October 2023 - 19th Century Full Count Files
This release constitutes a major revision of the 19th century full-count decennial census files from 1850-1880. It includes updates and improvements to household definition, geography, nativity, occupational and demographic variables, new slave-related variables, and improvements to imputation and allocation processes. In general, efforts to increase standardization and improve harmonization have resulted in minor changes throughout the data, but users should take special note of some specific and more consequential updates, listed below:
- DWSIZE: The variable DWSIZE (Dwelling Size) has been removed from the full-count files. Users looking for comparable information should use the variable FAMSIZE.
- GQ/GQTYPE/GQFUNDS: Significant cleanup and standardization of coding and universe enforcement were done to group quarters variables across all files.

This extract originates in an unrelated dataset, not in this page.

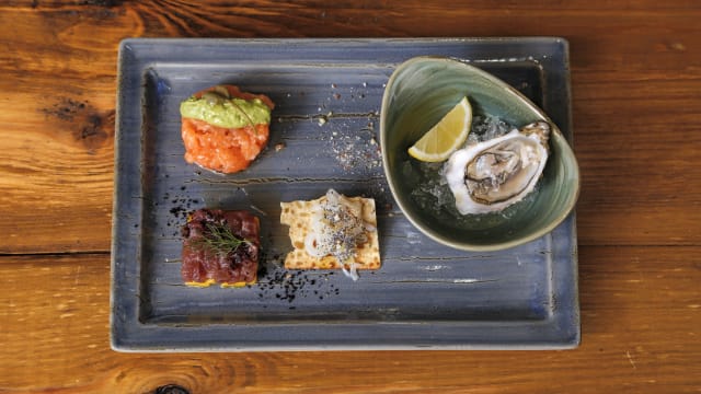 Gran crudo pano: 1 scampo,3 gambero rosso mazara del vallo, 2 mazzancolla, 2 gamberi carabineros, 2 cannocchia, 1 ostrica gillardeau, 1 mini tartare

- BPL/FBPL/MBPL: Previous versions of these data had inconsistent coding for persons born within certain US Territories. Wherever possible, the detailed codes for these variables have been updated to reflect the Territory status of some states. These are:
State Code State Territory Code Territory 1600 Idaho 1610 Idaho Territory 3500 New Mexico 3510 New Mexico Territory 4000 Oklahoma 4010 Indian Territory 3800/4600 North/South Dakota 4610 Dakota Territory 4900 Utah 4910 Utah Territory 5300 Washington 5310 Washington Territory 5600 Wyoming 5610 Wyoming Territory - CITYPOP: A change was made to CITY to identify only cities within the stated universe. This adjustment suppressed populations for some small cities that were previously available. This change also affects SIZEPL.
- REALPROP/PERSPROP: Erroneous very high values have been corrected.
- IMPREL: A small improvement to relationship imputation may result in changes to IMPREL/RELATE and ensuing dependent variables. These changes are not statistically significant, but users may see adjustments to individual records. These changes also apply to all 1/5/10% sample files where relationships are imputed rather than recorded.
- Allocation updates: Adjustments have been made to improve and refine hot-deck allocation for missing data. The new criteria exclude persons with outlier values from donor eligibility. Users should expect some changes in birthplace, occupation, and age distributions.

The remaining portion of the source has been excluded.